Counting only lines of the listing below that hold the word "Figure", give the total and nothing else.
=== Provided data ===
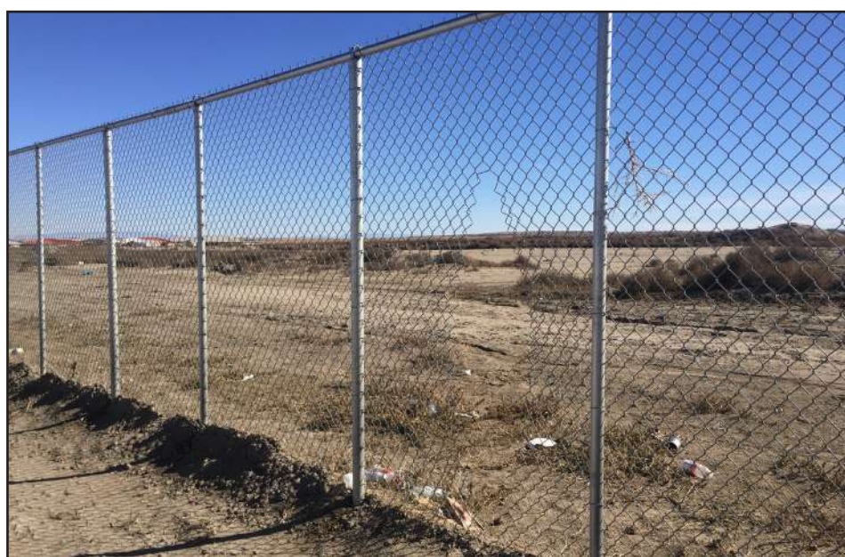
Kayenta, Ariz. - Fence was damaged at Kayenta Rodeo Grounds. Crew were called to provide maintainance at rodeo grounds.
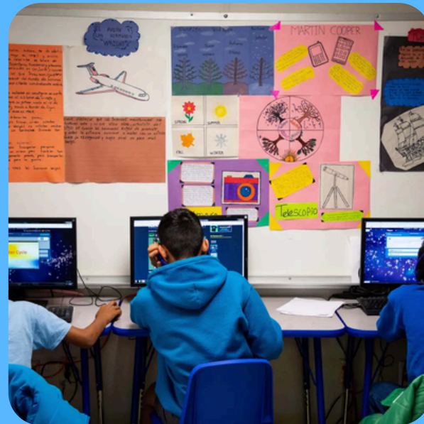
SDG 4: Quality Education
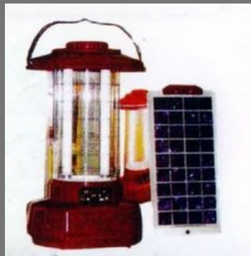
Portable Solar Lantern
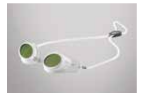
Laser safety goggles for patients
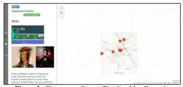
Figure 2: Tippecanoe County Timeline Map Example
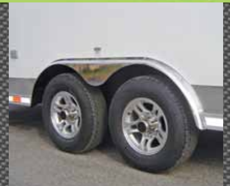
Standard Aluminum Wheels with Polished Fenders.
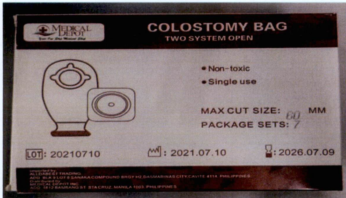
Figure 1. Unregistered Medical Depot Colostomy Bag 60mm 7 pcs

The Food and Drug Administration (FDA) warns all healthcare professionals and the general public NOT TO PURCHASE AND USE the unregistered medical device product:
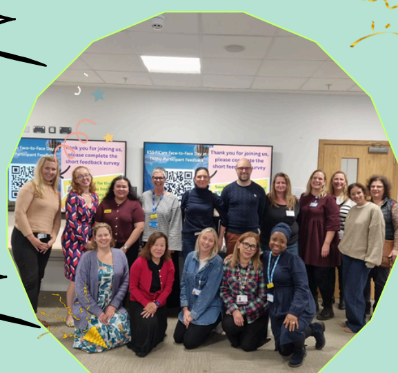
Trevor Mann Baby Unit October 2025
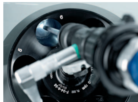
Corrosion of bore hole
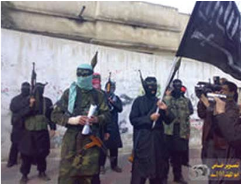
A group called "Jaysh al-Ummah" - Army of the Nation, Jerusalem - is yet another global jihad offshoot in the Gaza Strip. Since the Hamas takeover of the Gaza Strip, there has been an increase in the propaganda and terrorist activities carried out by radical Islamic groups associated with al-Qaeda and the global jihad. In this picture: some of the group's masked, armed, and uniformed operatives at a press conference in Khan Yunis.

has thus become a flourishing refuge for Islamist terror organizations who view Western Christianity as the primary enemy of Islam in the twenty-first century and the struggle against Israel as part of the larger battle for establishing an Islamic caliphate that will pursue the decisive battle against Christianity. Under the protection of the Hamas government, various terror organizations enjoy a free hand to pursue terror attacks against Israel and launch missiles at Israeli communities. The Hamas government has reiterated that the armed struggle against Israel is legitimate and that no measures will therefore be taken against those who participate in that fight. 18
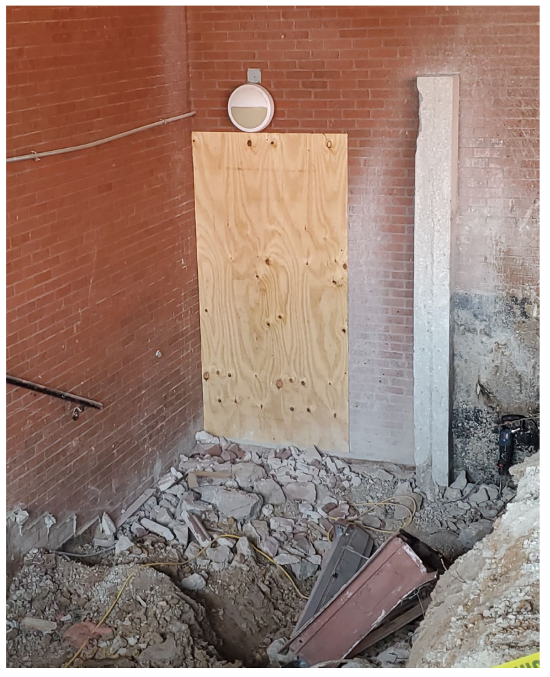
Week Ending June 21, 2024
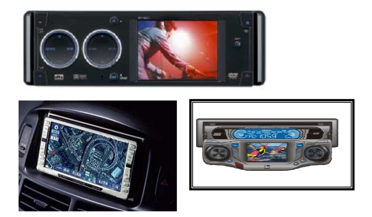
Figure 2 – SSD1921 solution in car A/V application
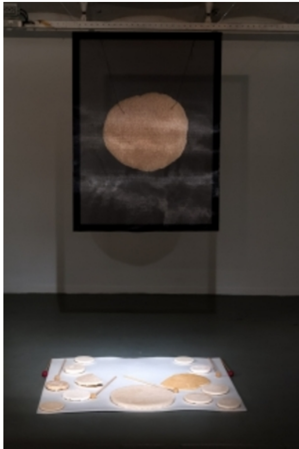
Tang- sugar instrument, 2015 crystallized sugar
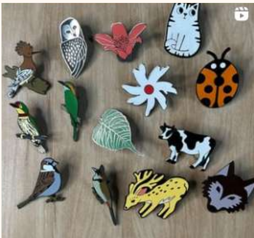
New Lapel Pin out right now! Which are your favourite?
===
Written response: 3